Fats are a source of fuel that the body can utilize to produce energy. As fats are not capable of being processed by the body in their natural state, the fat molecules must be altered to permit absorption into the body after digestion. The body has mechanisms that permit it to recognize fats and to store them for future energy purposes; each fatty acid molecule, possessed of two carbon atoms, will ultimately generate a total of 17 units of adenosine triphosphate (ATP), the energy product created by the body; approximately four times as much ATP can be realized from a similar amount of the carbohydrate energy source, glucose. It is for this reason that the body is equipped with special storage areas known as adipose tissue, each of which is a sophisticated series of cells equipped to both store and to release fat when signaled to do so.

Adipose tissues store fat in the same manner in which it naturally occurs in food. However, the fats are broken down on digestion within the body, and they are reformed into the storage form known as triglycerides, a term that describes a collection of three fatty acid molecules bound together with a glycerol molecule. Each fatty acid molecule is an extended chain of carbon and hydrogen atoms. The process of hydrolysis separates the stored fats into its two separate compounds, fatty acids and glycerol. Glycerol has properties similar to alcohol and sugar; after the release by the adipose tissue, the glycerol is passed through the bloodstream for return to the liver for a conversion into a useful energy source, glucose.
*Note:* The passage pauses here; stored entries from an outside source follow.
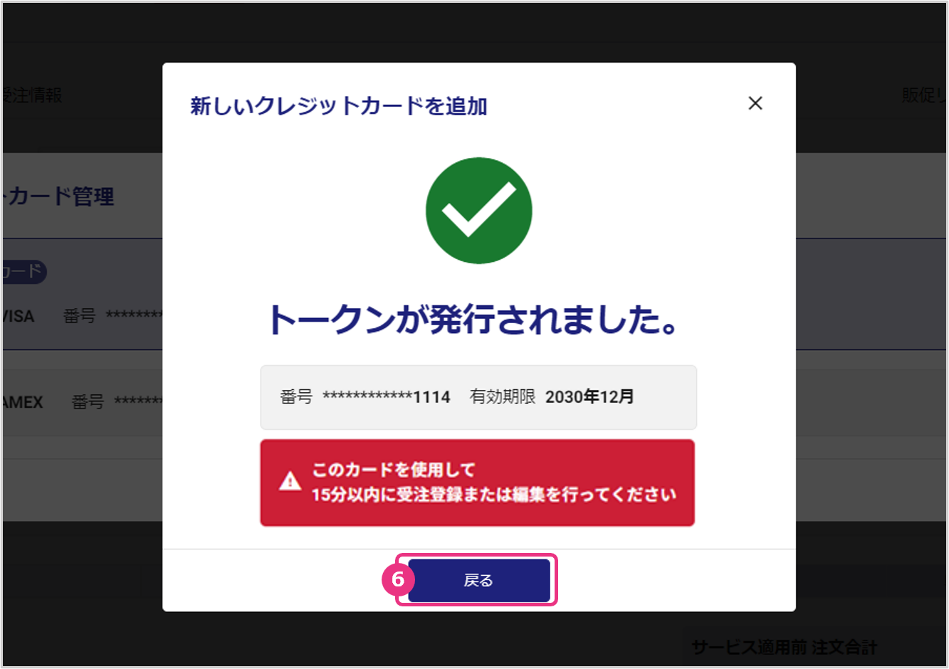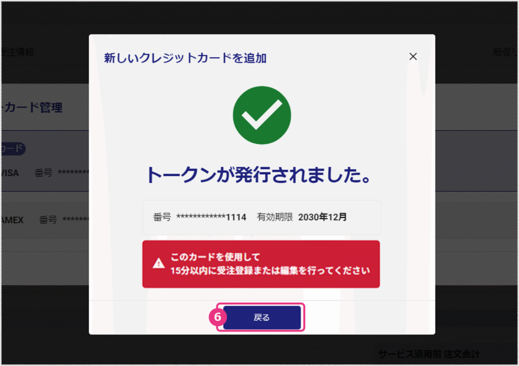 クレジットカード情報の登録後、15分以内に仮売上があがる操作(受注登録または受注編集)を行ってください。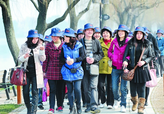 昨日,杭城暖阳高照,上虞市飞阳灯头有限公司包租两辆旅游大巴,送80多名员工来西湖春游。 本报记者 吴元峰 摄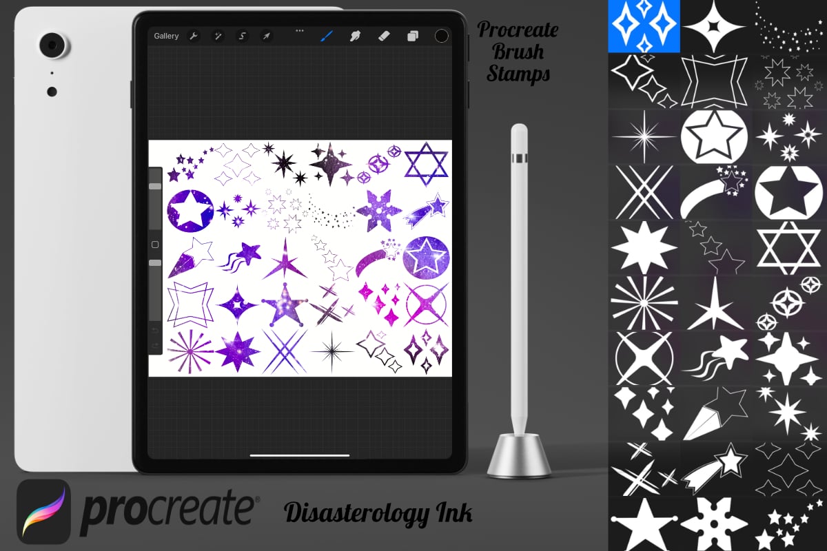 Procreate stamps save time when drawing, saving the effort of having to recreate the same thing for multiple designs and projects, save time on your design by purchasing these sparkling star brush stamps so you can utilise that time on creating more beautiful art.

The free fatty acids released from adipose tissue can be utilized anywhere there is an energy need within the body. The process of releasing these compounds begins with a signal from the pancreas, the organ responsible for the monitoring of glucose concentrations in the blood. When a low glucose level is detected, the glucagon hormone is released to stimulate glucose release from the stores of glycogen in the liver. If the blood level of glucose is too high, the body releases the hormone insulin. In this circumstance, fatty acid production will be stimulated through the further trigger of the chemical lipase in the adipose tissue. The ultimate destination of the released fatty acids is the mitochondria of the subject cells that require energy. The mitochondria is the powerhouse of every cell.

There is a well-known correlation between the consumption of caffeine and the metabolizing of free fatty acids. Caffeine promotes the process of lipolysis, the breakdown of the triglycerides stored in the adipose cells. There is also a scientifically established linkage between the increased presence of fatty acids in the bloodstream and the onset of diabetes, the disease whereby the body produces insufficient amounts of insulin to properly regulate the level of blood sugars (glucose).

While fat, in the form of fatty acids, is a very desirable energy source, it is dependent on the presence of oxygen to be useful. In circumstances where energy is required by the body more quickly than oxygen can be delivered to the required location, the body will switch to its less energy efficient anaerobic system. When the body is using one of its anaerobic energy systems, it cannot burn fat, but it will simply generate less energy and will sustain a greater glucose depletion.